- DATA LISTING -
---
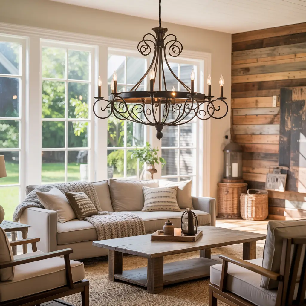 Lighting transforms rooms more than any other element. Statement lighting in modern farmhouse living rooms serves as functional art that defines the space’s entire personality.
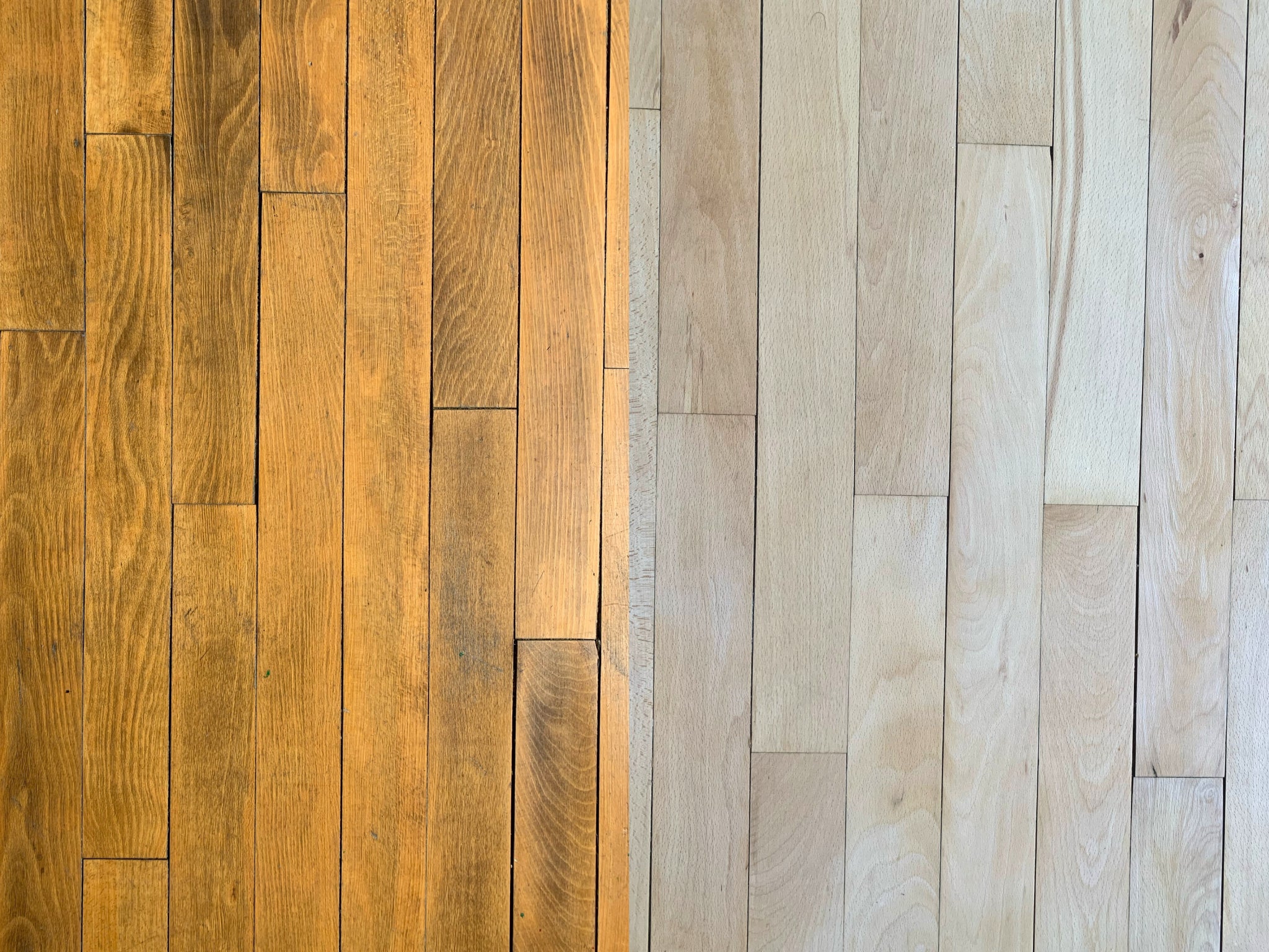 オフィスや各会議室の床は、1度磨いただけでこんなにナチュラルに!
---
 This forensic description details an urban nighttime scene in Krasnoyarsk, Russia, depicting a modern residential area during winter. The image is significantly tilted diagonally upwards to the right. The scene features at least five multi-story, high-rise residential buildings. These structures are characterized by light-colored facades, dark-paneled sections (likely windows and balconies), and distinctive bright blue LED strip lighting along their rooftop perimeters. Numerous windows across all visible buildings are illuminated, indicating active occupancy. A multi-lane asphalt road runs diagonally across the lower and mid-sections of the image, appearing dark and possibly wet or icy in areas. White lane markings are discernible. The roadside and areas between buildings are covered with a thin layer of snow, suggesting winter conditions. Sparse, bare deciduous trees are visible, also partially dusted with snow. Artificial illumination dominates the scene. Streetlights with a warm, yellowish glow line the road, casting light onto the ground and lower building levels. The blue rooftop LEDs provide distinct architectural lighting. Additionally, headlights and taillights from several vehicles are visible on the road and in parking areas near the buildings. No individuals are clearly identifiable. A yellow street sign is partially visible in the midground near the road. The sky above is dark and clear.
---
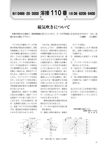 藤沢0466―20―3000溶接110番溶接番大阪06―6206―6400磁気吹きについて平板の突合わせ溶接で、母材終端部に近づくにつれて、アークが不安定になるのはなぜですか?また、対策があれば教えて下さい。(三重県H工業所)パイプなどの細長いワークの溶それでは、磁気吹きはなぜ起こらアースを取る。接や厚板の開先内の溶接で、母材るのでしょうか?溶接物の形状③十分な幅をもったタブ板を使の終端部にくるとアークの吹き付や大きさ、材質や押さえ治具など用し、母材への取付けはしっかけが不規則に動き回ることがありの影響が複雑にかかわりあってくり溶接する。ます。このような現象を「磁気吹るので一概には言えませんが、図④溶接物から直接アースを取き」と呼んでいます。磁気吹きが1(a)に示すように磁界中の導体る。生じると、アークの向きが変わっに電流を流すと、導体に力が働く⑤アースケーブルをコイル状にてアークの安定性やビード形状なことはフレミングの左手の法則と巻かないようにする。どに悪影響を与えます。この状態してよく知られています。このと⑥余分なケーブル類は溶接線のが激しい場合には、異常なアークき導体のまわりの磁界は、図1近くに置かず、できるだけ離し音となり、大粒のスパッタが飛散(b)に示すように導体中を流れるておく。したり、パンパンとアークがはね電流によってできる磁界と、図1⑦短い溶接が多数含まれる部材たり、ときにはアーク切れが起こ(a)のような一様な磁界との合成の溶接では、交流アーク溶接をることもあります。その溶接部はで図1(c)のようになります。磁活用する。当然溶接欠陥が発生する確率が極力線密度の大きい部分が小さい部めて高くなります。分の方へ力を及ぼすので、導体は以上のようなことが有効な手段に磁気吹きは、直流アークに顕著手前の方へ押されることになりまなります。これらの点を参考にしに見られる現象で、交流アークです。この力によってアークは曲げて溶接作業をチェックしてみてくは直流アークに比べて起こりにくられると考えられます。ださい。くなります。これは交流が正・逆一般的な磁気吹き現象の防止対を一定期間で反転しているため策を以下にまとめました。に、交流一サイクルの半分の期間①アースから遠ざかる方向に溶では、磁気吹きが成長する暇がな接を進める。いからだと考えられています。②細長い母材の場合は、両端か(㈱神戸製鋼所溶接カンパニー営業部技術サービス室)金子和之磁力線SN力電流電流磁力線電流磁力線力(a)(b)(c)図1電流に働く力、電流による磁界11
---
Your copy should hold the lines from the one with "Lighting transforms rooms" up to and including the one with "オフィスや各会議室の床は、1度磨いただけでこんなにナチュラルに!", exactly as in the data above, and no pictures.

 Lighting transforms rooms more than any other element. Statement lighting in modern farmhouse living rooms serves as functional art that defines the space’s entire personality.
 オフィスや各会議室の床は、1度磨いただけでこんなにナチュラルに!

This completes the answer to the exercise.